*** The data ***
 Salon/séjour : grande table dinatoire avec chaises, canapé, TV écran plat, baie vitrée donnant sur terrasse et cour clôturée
*** End of The data ***
*** The data ***
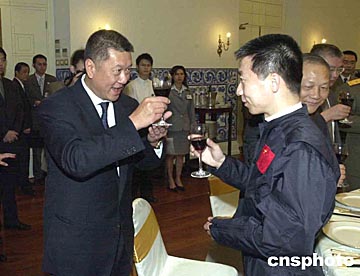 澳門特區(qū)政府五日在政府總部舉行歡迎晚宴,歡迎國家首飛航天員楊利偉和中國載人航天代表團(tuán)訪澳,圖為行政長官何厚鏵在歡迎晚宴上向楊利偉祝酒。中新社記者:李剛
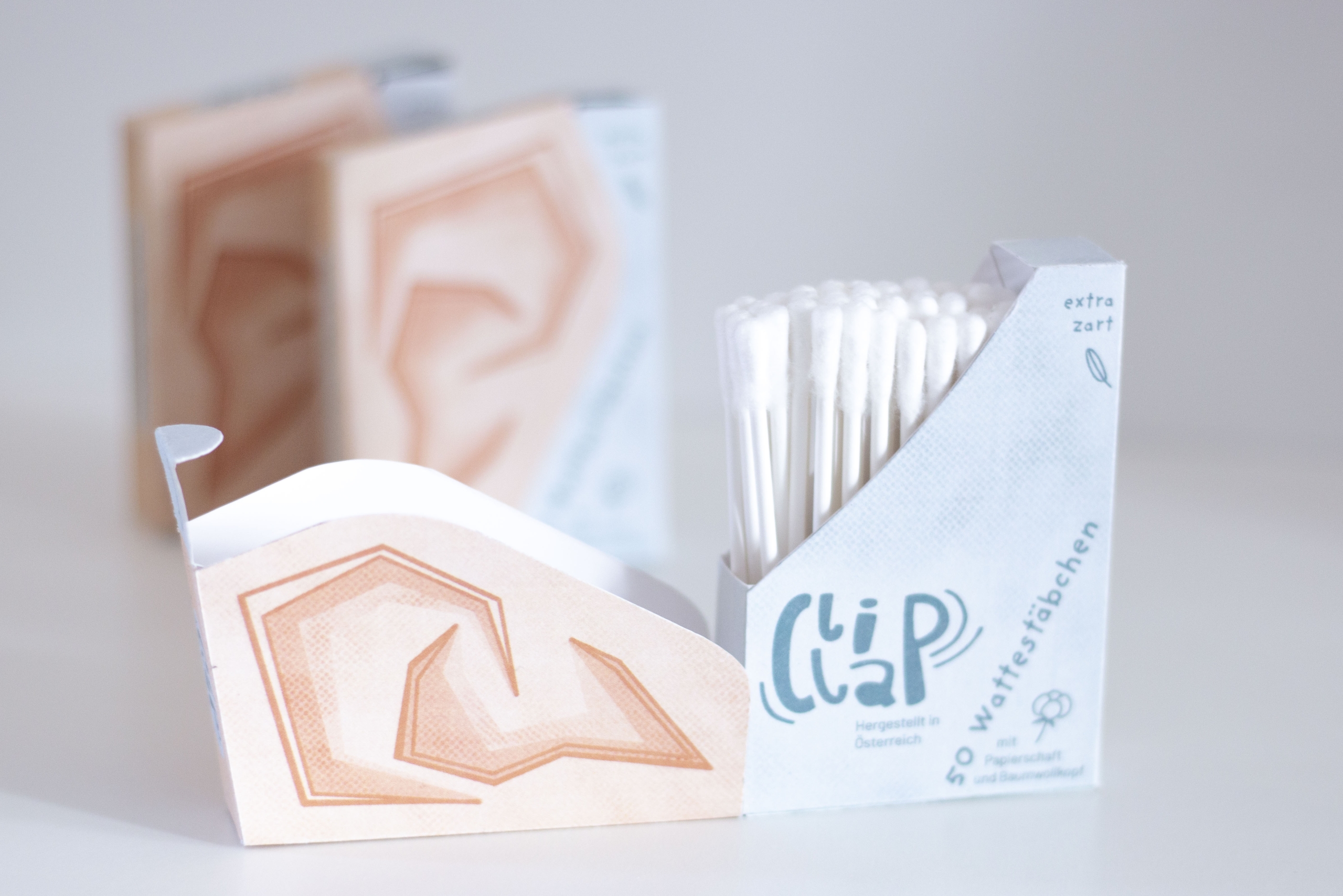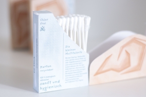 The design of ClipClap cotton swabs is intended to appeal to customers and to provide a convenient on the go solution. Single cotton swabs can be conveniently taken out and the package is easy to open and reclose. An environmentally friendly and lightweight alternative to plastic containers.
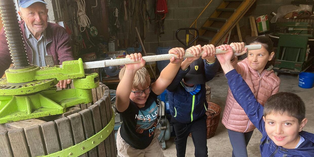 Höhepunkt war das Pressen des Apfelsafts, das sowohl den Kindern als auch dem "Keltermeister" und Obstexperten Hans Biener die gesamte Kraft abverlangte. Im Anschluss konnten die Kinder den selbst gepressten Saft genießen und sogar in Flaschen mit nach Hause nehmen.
*** End of The data ***
*** The data ***
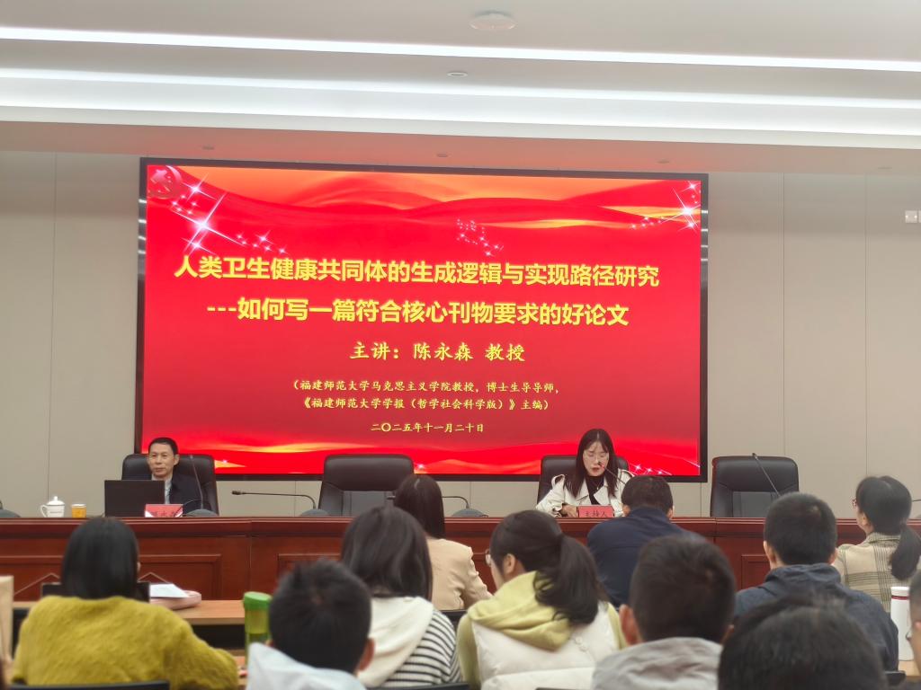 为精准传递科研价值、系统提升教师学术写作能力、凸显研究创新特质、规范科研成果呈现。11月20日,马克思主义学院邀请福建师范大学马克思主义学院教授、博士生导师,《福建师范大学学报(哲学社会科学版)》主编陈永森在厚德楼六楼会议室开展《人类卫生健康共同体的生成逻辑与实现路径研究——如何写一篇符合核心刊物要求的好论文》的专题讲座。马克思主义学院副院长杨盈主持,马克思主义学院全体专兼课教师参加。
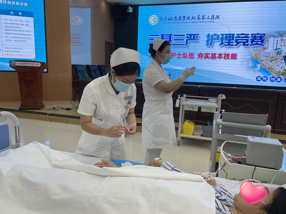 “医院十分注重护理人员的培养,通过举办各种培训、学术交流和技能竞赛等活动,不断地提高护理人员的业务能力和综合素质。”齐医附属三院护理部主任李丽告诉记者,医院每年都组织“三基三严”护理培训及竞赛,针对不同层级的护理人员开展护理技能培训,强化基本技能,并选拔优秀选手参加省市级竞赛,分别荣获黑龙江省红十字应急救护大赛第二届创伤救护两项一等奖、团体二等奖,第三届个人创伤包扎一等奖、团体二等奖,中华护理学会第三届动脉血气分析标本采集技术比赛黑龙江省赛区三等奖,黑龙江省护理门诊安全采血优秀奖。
*** End of The data ***
● **How to complete this task**: Using the entries above, repeat exactly the lines from the one with "澳門特區(qū)政府五日在政" to the one with "Höhepunkt war das", both included, and leave the pictures behind.

● **Task solution**:
 澳門特區(qū)政府五日在政府總部舉行歡迎晚宴,歡迎國家首飛航天員楊利偉和中國載人航天代表團(tuán)訪澳,圖為行政長官何厚鏵在歡迎晚宴上向楊利偉祝酒。中新社記者:李剛
 The design of ClipClap cotton swabs is intended to appeal to customers and to provide a convenient on the go solution. Single cotton swabs can be conveniently taken out and the package is easy to open and reclose. An environmentally friendly and lightweight alternative to plastic containers.
 Höhepunkt war das Pressen des Apfelsafts, das sowohl den Kindern als auch dem "Keltermeister" und Obstexperten Hans Biener die gesamte Kraft abverlangte. Im Anschluss konnten die Kinder den selbst gepressten Saft genießen und sogar in Flaschen mit nach Hause nehmen.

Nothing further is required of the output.